I suspect that what I need to know is what the projection matrix should be trying to achieve. Does it project directly to the image, or, like OpenGL, does it project to some “normalised device coordinate” system first?

The projection matrix Panda generates transforms to a normalised space, indeed, not image coordinates.

However, Panda should be able to calculate the correct projection matrix for you if you pass in the appropriate parameters to your PerspectiveLens. Judging by how you calculated it in OpenGL, this should achieve the same result:

lens.setFilmSize(w, h)
lens.setFilmOffset(w*0.5 - cx, h*0.5 - cy)
lens.setNearFar(near, far)
lens.setAspectRatio(a) # Optional, otherwise computed from film size

Panda defaults to Z-up right-handed coordinate system for the world. You may specify otherwise by calling setCoordinateSystem on the lens used to render that world or by setting the “coordinate-system” configuration variable.

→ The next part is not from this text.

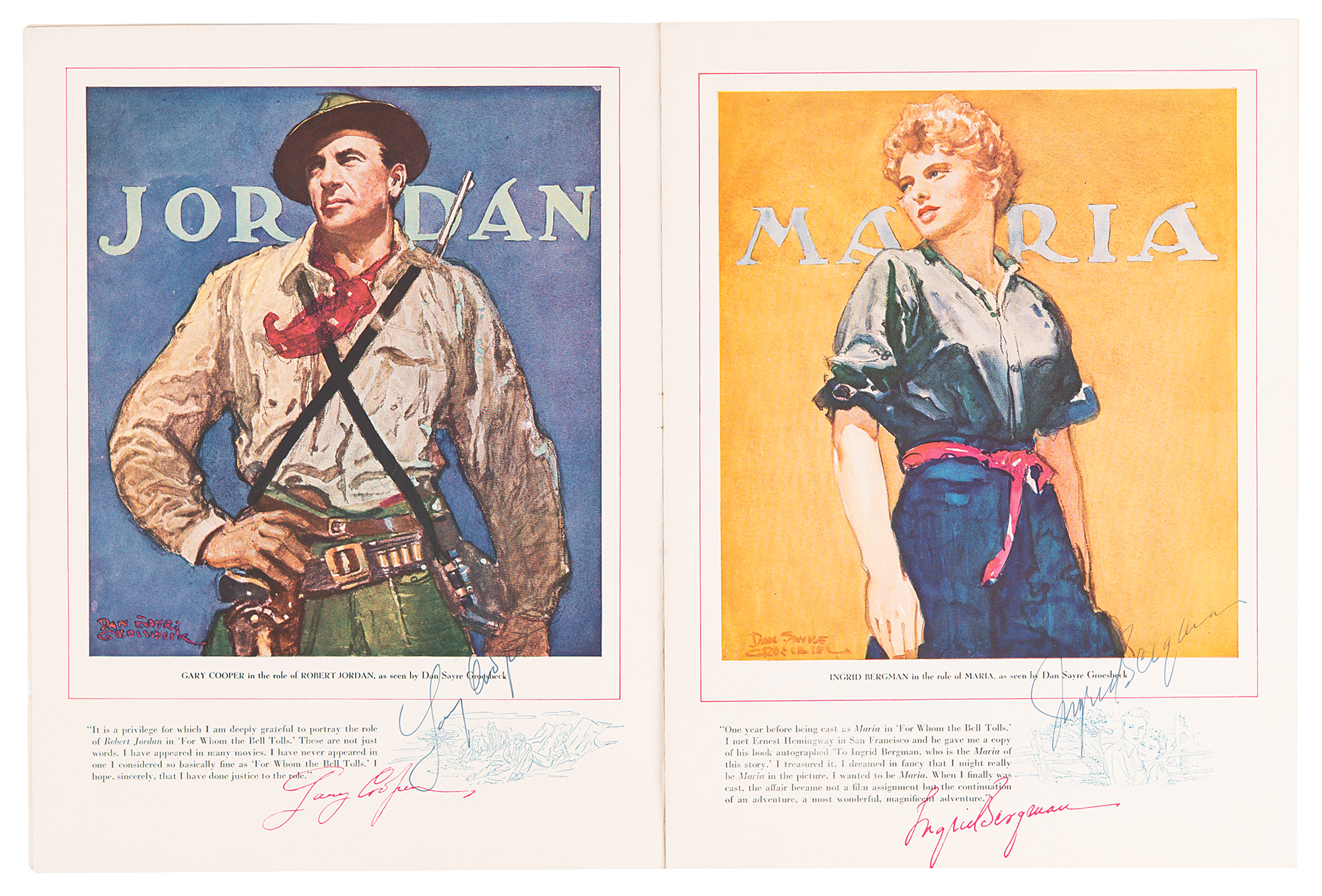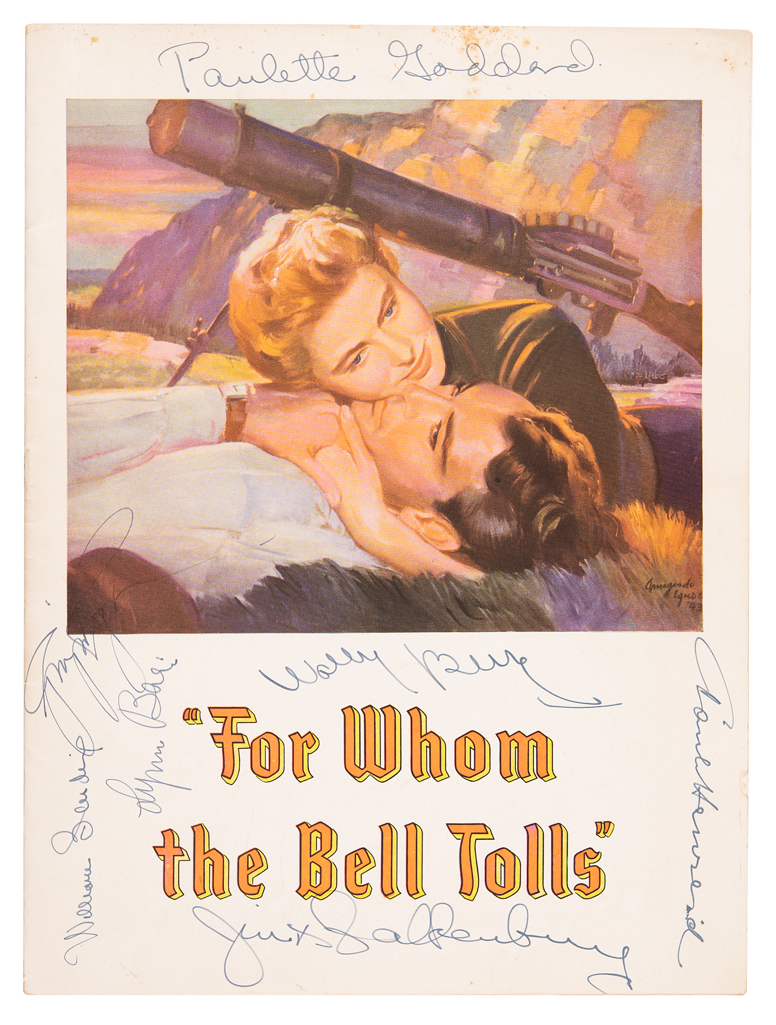 Original program for the 1943 Paramount Pictures epic war film For Whom the Bell Tolls, the first movie adaptation of Ernest Hemingway’s 1940 novel of the same name, 18 pages, 9 x 12, signed inside on their respective character pages in fountain pen by leading stars Gary Cooper and Ingrid Bergman. The front cover is also signed by classic actors and actresses Paulette Goddard, Wallace Beery, Ginger Rogers, Paul Henreid, William Bendix, Jinx Falkenburg, and Lynn Bari, and the back cover is signed by William Boyd. In fine condition, with a bit of scattered staining to the front cover.

However, this is usually not necessary.

You can use setViewVector to apply a rotation to the lens. Normally, the lens points in the Y direction, with +Z being up, but you can use this method to change that.

Finally, if all else fails, there is also the opportunity for you to specify the matrix yourself. You can do this by creating a MatrixLens instance and assigning that to the camera. You can specify the matrix on that using setUserMat().

Thanks, set_view_vector was pretty much the last thing that I needed.

After a bit of digging and finally finding the right details, I had it mostly worked out with MatrixLens with a few gotchas along the way.

First off, MatrixLens is a good approach, and in default state I can actually use the projection matrix that I pass to OpenGL (film size is set suitable for the normalised coordinates to be the same as OpenGL’s normalised device coordinates).

First gotcha was that Panda seems to use row vectors and pre-multiply - pretty much the first place I’ve seen something not use column vectors and post-multiply (v.M vs. M.v), so that threw me for a while, and ultimately meant I needed the transpose of the projection matrix I mention in my first post.

Second gotcha was that my near and far clipping planes were too far apart, meaning I got bad depth buffer resolution (which made me go in circles trying to recalculate the right factors in the matrix until I realised what the actual problem was). Still have an open question over how to set/find out the bit-depth of the depth-buffer Panda uses.

The last bit of the puzzle after that was the set_view_vector as an easy way to allow me to look along +z without worrying about throwing in extra rotations etc beneath the camera node.

So looking good now that Panda will enable me to escape writing low-level OpenGL for my new debugging renderer…


If you need more depth bits, you can put “depth-bits 32” in your Config.prc file (or specify it at window creation time via a FrameBufferProperties object).